Верлиока, стр. 12

Недолго думая Вася сбежал вниз, разделся и, дождавшись, когда лодка приблизится к берегу, прыгнул в воду и схватился руками за борт.

— Здравствуй! — сказал он весело. — Мне на ту сторону. Не перевезешь?

Это был бородатый угрюмый человек, который не говорил, а бормотал, отводя в сторону глаза, тощий — кожа да кости, — с длинной голой шеей. Он что-то промычал и отрицательно качнул головой, на которую была небрежно нахлобучена заношенная солдатская ушанка. Но отделаться от Васи было не так-то просто.

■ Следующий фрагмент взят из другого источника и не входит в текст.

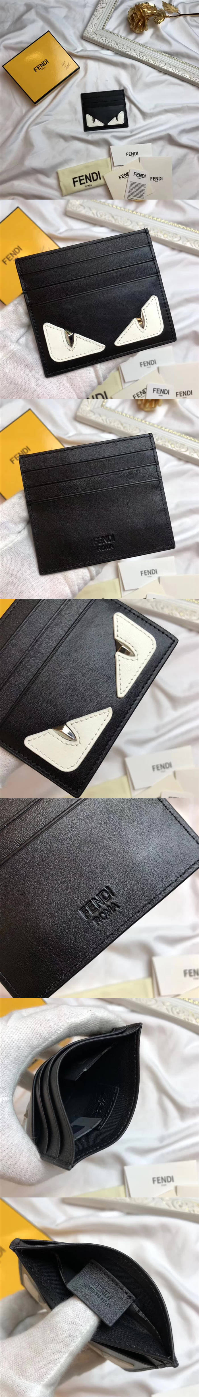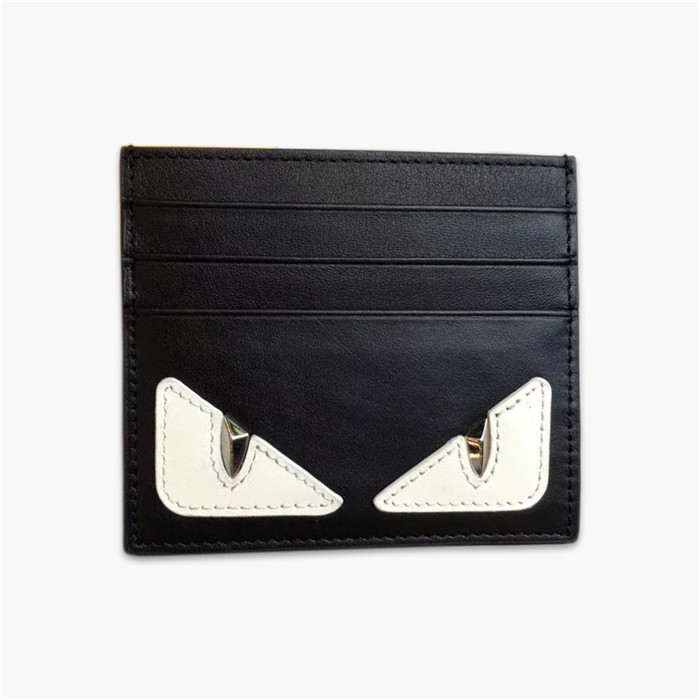 芬迪/Fendi 卡夾,采用小牛皮制成,白色皮革搭配鋼釘鑲嵌,呈現眼睛圖案,款號:7M0164【編號】7M0164#A359【顏色】黑色/白眼【尺寸】10.5cm(長)X8(高)【規格】Fendi燙印徽標棉麻裡襯1個中間袋6個卡槽【附屬品】防塵袋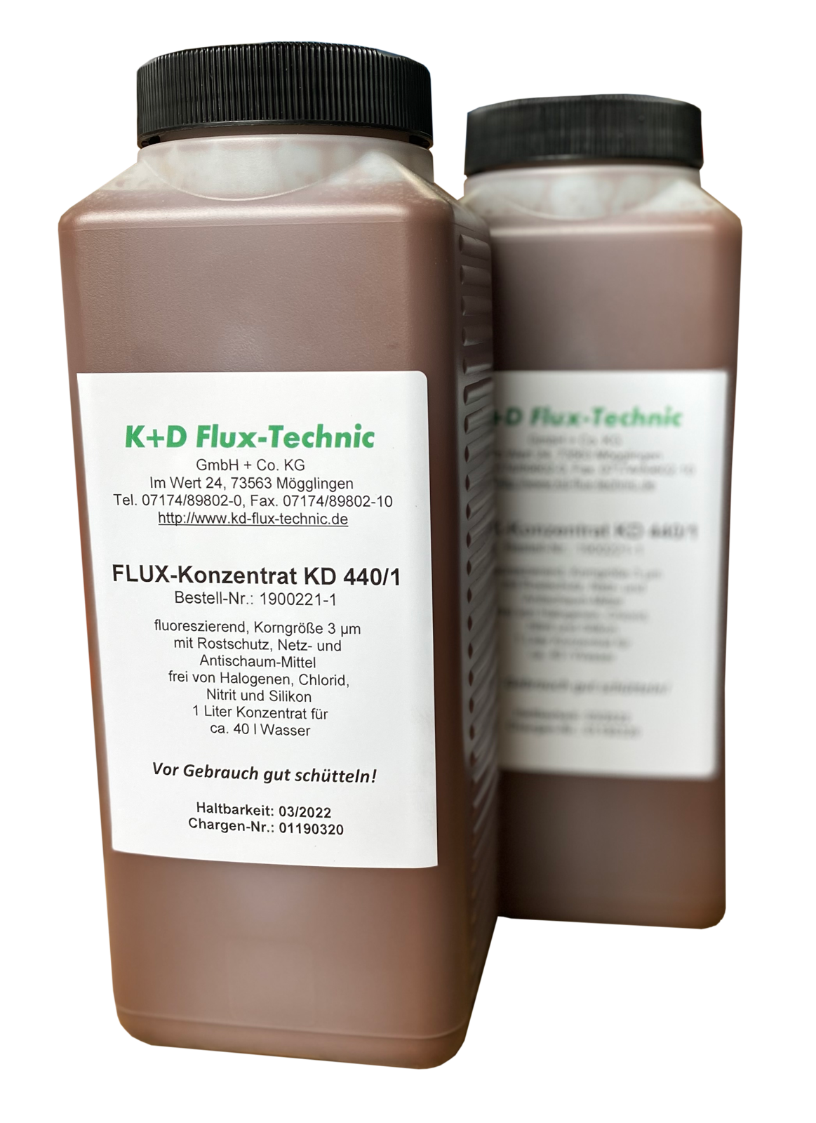 Die wasserbasierten fluoreszierenden Prüfmittel (gelbgrün, 535 nm) sind für die Magnetpulverprüfung (MPI) von ferromagnetischen Werkstoffen optimiert:

Он легко перекинул себя в лодку и спокойно уселся на корме.

— Ты не бойся, — сказал он лодочнику, перехватив его костлявую руку, в которой блеснул самодельный нож. — А лучше расскажи, что с тобой случилось. И не врать! — строго прибавил он. — Ты думаешь, я не понимаю, что ты неспроста гоняешь лодку с правого берега на левый?

Рыбак молча спрятал нож.

— Ты ко мне не вяжись, — хрипло сказал он. — Помочь мне нельзя. Я взверенный.

— От слова "зверь"? — спросил любивший ясность Вася.

Рыбак не ответил.

— А почему ты взверенный? Есть же какая-нибудь причина?

— Потому что заговоренный.

— Кто же тебя заговорил? Я полтора часа стоял, все смотрел, как ты лодку гоняешь, и никого, кроме тебя, не видел.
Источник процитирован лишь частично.